Zusammenarbeit mit Drittstaaten fragwürdig
Besonders skeptisch stimmt die Idee der Europapolitiker die Zusammenarbeit mit Drittstaaten zu intensivieren. Sicher, es ist dringend notwendig, diejenigen Staaten, die schon heute die meisten Flüchtlinge beherbergen, also die unmittelbare Umgebung von Konfliktherden, wie zum Beispiel Libanon oder Jordanien, zu unterstützen. Vier von fünf Flüchtlingen weltweit fliehen in die sogenannten Entwicklungsländer. Regionale Schutz- und Entwicklungsprogramme sind wichtig. Aber Kooperationsvorhaben in Staaten, die durch rechtsstaatliche Defizite, die Verletzung von Menschenrechten oder durch Gewalt und Unsicherheit gekennzeichnet sind, wie zum Beispiel Niger, sind nur schwer als Kooperationspartner im Migrationsmanagement und noch weniger für einen ernsthaften Flüchtlingsschutz vorstellbar. Genau das aber ist ein neu bekräftigtes Augenmerk der Migrationsagenda. Für diese Kooperationen soll Geld und Kapazität bereitgestellt werden – übrigens auch für durchgreifende Abschiebungen von Menschen, die sich ohne Genehmigung in Europa aufhalten. Frontex soll in Zukunft besser ausgestattet werden, um die Rückführungen zahlreicher und effektiver umzusetzen, das schrecke, so die Meinung der Politik, diejenigen ab, die eine irreguläre Einreise in Erwägung ziehen.

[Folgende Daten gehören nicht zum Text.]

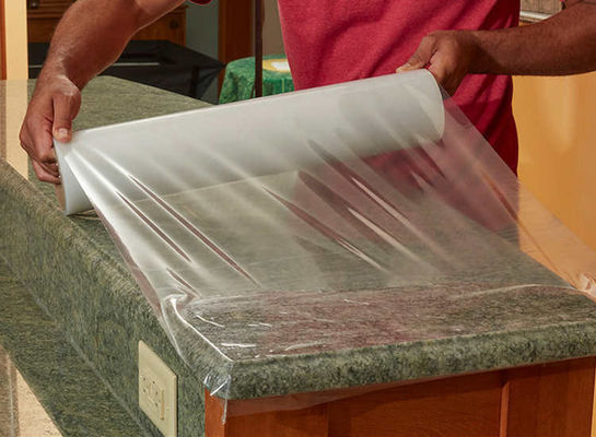 4 Mil Transparan Biru Meja Perekat Penutup Film Pelindung Batu Permukaan Keras
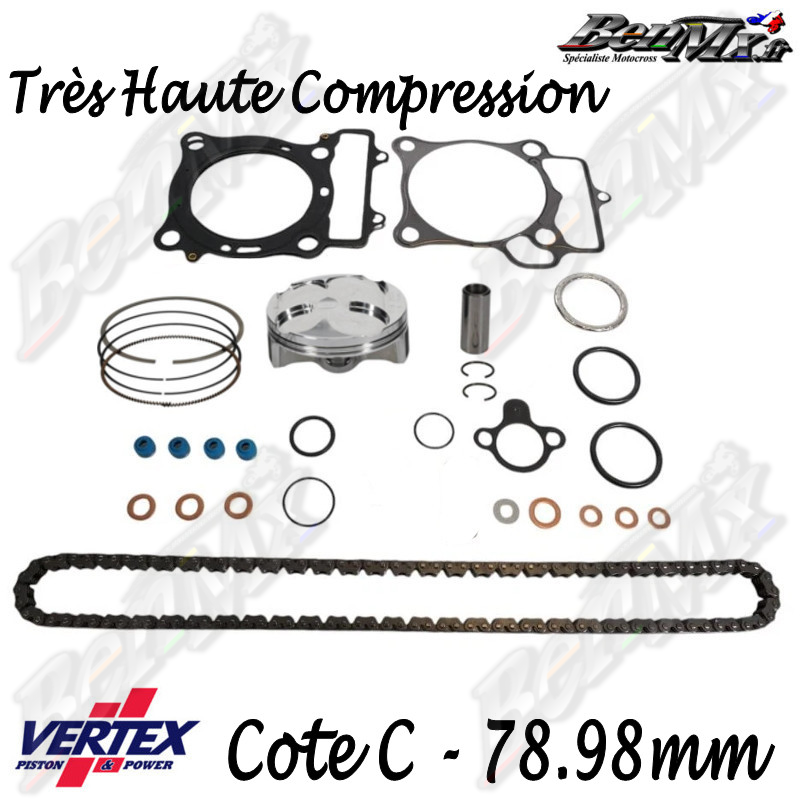 Kit piston VERTEX Forgé Très Haute compression + Joints haut moteur + Chaine de distribution Cote C 78,98mm - comp 14.6:1 - HONDA 250 CRF 2018/2019

Chancen durch Migration werden kaum gewürdigt
Zuletzt fällt auf, dass die Migrationsagenda, die ohne diverse Anhänge 17 Seiten umfasst, nur drei Absätze für Migration und mit ihr verbundene Entwicklungspotentiale übrig hat. Immerhin gelingt hier der Verweis auf die Sustainable Development Goals, die bald die neue Entwicklungsagenda der Vereinten Nationen bestimmten sollen und unter anderem auf faire Arbeit, soziale Sicherheit für alle abzielen. Es bleibt zu hoffen, dass sich in den kommenden Wochen und Monaten auch dieser Teil der Agenda konkretisiert und weiterentwickelt wird.